Security Professional Checklist
Governance
☐ Every agent has an owner
☐ Every agent has a documented purpose
☐ Acceptable actions are explicitly defined
☐ Human approval requirements are documented
☐ Risk assessments are completed before deployment
Identity and Access Management
☐ Each agent has a unique identity
☐ Each agent has unique credentials
☐ Least privilege is enforced
☐ Administrative privileges are prohibited by default
☐ Access reviews occur regularly
☐ Secrets are stored in approved vaults
Monitoring and Audit
☐ All agent actions are logged
☐ Decision traces are retained
☐ Data access events are monitored
☐ Anomalous behavior alerts exist
☐ Incident response procedures include AI agents
Security Testing
☐ Prompt injection testing is performed
☐ Privilege escalation testing is performed
☐ Data leakage testing is performed
☐ Red-team exercises include AI agents
☐ Security controls are validated after model updates
Operational Controls
☐ Kill-switch capabilities exist
☐ Rollback procedures are documented
☐ Human override mechanisms exist
☐ High-risk actions require approval
☐ Agent behavior is periodically reviewed
Final Thoughts
The biggest mistake organizations can make is viewing AI agents as software.

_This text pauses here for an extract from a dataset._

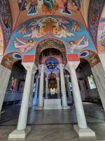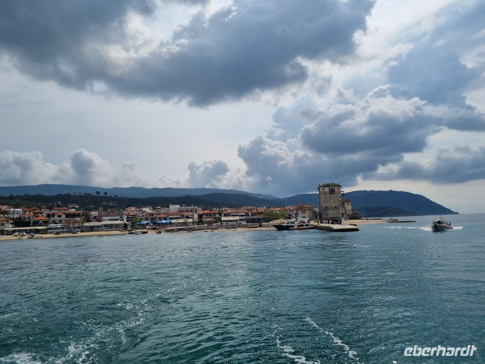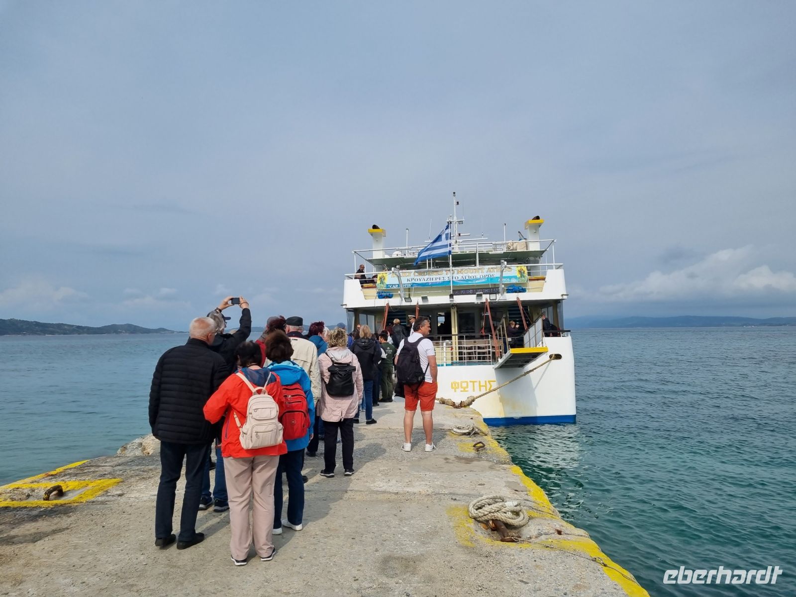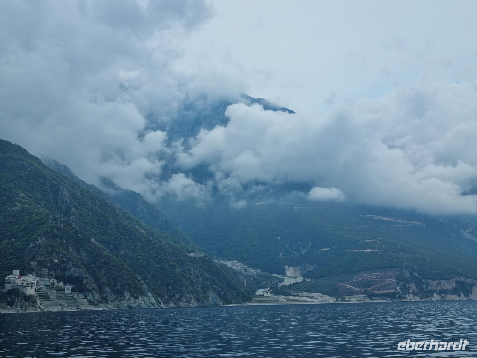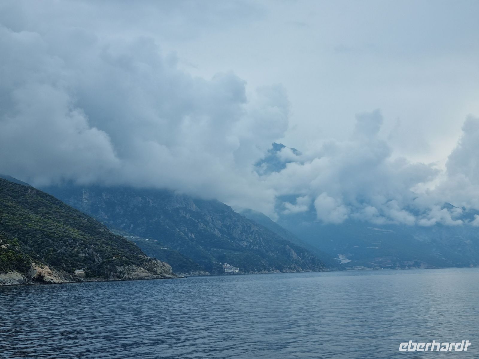Am heutigen Tag hatte sich die komplette Reisegruppe für den fakultativen Ausflug zum Berg Athos entschieden. Pünktlich am Morgen stand dafür ein griechischer Reisebus mitsamt unserem netten Buschauffeur Grigorios bereit, um uns nach Ouranopolis zu fahren. Unser Buschauffeur Andreas hatte nämlich aufgrund der gesetzlich vorgeschriebenen Lenk- und Ruhezeiten seinen ersten lenkfreien Tag! Die Fahrt führte uns erneut in östliche Richtung und vorbei an zahlreichen Olivenhainen bis an die Westküste des sogenannten "3. Fingers" der Halbinsel Chalkidiki. Anastasia verkürzte uns die Fahrt mit lockeren Erzählungen über die griechische Sprache und deren Besonderheiten. Auf etwa halber Strecke zum Hafenstädtchen Ouranopolis machten wir Halt beim "Haus der Versuchungen", wie Anastasia es nannte (davon gibt es in Griechenland übrigens mehr als genug!!!). Erneut handelte es sich hier um eine Konditorei, die – neben Espresso und Frappé – allerlei griechische und internationale Köstlichkeiten anbietet. Gut gestärkt ging es schließlich weiter und pünktlich erreichten wir Ouranopolis, von wo aus wir zu unserem Schiffsausflug entlang der Küste der Mönchsrepublik Athos starteten. Für Frauen ist diese Art die Besichtigung auch heute noch die einzige Möglichkeit einen Blick auf die uralten Klöster und Eremitagen zu erlangen, denn es ist ihnen nach wie vor nicht gestattet, die Republik zu betreten. Aus eben diesem Grund musste auch unser Schiff einen Mindestabstand von 500 Metern zum Festland einhalten. Das Wetter spielte leider nicht so ganz mit, denn dunkle Wolken begleiteten uns. Der ein oder andere Schauer war auch dabei, bis wir schließlich am südlichen Ende der Landzunge den 2.033 Meter hohen Berg Athos erreichten. Dieser versteckte sich heute unter zahlreichen dunklen Wolken. Nach guten drei Stunden waren wir am Hafen von Ouranopolis zurück, wo wir im Anschluss Zeit für ein gemütliches Mittagessen und einen kleinen Spaziergang durch die engen und malerischen Gassen des Ortes hatten. Am späten Nachmittag traten wir dann die Rückfahrt nach Thessaloniki an. Hier entschieden wir uns für die Küstenstraße bis Stavros, um letztendlich die Autobahn zu erreichen

Traditional software follows instructions.
AI agents make decisions.
That difference changes everything.
The organizations that succeed with agentic AI will not be those that deploy the most agents. They will be the ones that deploy agents safely, govern them continuously, and maintain meaningful human oversight.
Treat AI agents like interns on their first day.
Give them a clearly defined job.
Provide only the access they need.
Watch what they do.
Review their work.
And never hand them the keys to the kingdom simply because they sound confident.
Confidence has never been a security control.